Work task => Would you please return the lines of the material that contain the word "with"?

Material shown =>
═══
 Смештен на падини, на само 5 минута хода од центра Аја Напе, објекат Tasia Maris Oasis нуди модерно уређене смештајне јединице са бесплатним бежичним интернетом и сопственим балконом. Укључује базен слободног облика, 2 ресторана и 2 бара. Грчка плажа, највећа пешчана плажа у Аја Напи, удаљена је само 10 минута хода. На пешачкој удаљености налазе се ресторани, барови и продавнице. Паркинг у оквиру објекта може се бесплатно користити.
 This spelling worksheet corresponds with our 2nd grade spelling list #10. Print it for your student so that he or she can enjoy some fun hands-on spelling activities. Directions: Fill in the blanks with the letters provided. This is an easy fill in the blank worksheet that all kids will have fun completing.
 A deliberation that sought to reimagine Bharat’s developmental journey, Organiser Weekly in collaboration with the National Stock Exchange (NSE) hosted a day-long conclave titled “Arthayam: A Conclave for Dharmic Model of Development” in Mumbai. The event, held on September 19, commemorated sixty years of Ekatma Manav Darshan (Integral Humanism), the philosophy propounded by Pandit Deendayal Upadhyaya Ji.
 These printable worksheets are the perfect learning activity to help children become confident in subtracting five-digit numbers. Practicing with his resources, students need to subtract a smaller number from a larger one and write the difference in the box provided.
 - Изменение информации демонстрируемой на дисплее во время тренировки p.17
═══
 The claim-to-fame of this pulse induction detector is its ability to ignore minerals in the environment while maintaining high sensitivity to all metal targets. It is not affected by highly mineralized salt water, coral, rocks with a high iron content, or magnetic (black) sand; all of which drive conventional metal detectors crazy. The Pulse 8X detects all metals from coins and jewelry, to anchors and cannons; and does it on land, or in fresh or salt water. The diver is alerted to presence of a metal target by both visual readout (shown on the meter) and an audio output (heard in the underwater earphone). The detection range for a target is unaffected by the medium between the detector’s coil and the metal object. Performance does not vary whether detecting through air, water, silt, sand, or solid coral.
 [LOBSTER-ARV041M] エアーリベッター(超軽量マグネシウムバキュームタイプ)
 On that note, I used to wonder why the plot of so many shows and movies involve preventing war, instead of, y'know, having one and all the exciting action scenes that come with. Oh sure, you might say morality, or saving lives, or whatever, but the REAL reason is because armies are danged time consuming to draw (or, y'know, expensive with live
═══
Task result =>
 This spelling worksheet corresponds with our 2nd grade spelling list #10. Print it for your student so that he or she can enjoy some fun hands-on spelling activities. Directions: Fill in the blanks with the letters provided. This is an easy fill in the blank worksheet that all kids will have fun completing.
 A deliberation that sought to reimagine Bharat’s developmental journey, Organiser Weekly in collaboration with the National Stock Exchange (NSE) hosted a day-long conclave titled “Arthayam: A Conclave for Dharmic Model of Development” in Mumbai. The event, held on September 19, commemorated sixty years of Ekatma Manav Darshan (Integral Humanism), the philosophy propounded by Pandit Deendayal Upadhyaya Ji.
 These printable worksheets are the perfect learning activity to help children become confident in subtracting five-digit numbers. Practicing with his resources, students need to subtract a smaller number from a larger one and write the difference in the box provided.
 The claim-to-fame of this pulse induction detector is its ability to ignore minerals in the environment while maintaining high sensitivity to all metal targets. It is not affected by highly mineralized salt water, coral, rocks with a high iron content, or magnetic (black) sand; all of which drive conventional metal detectors crazy. The Pulse 8X detects all metals from coins and jewelry, to anchors and cannons; and does it on land, or in fresh or salt water. The diver is alerted to presence of a metal target by both visual readout (shown on the meter) and an audio output (heard in the underwater earphone). The detection range for a target is unaffected by the medium between the detector’s coil and the metal object. Performance does not vary whether detecting through air, water, silt, sand, or solid coral.
 On that note, I used to wonder why the plot of so many shows and movies involve preventing war, instead of, y'know, having one and all the exciting action scenes that come with. Oh sure, you might say morality, or saving lives, or whatever, but the REAL reason is because armies are danged time consuming to draw (or, y'know, expensive with live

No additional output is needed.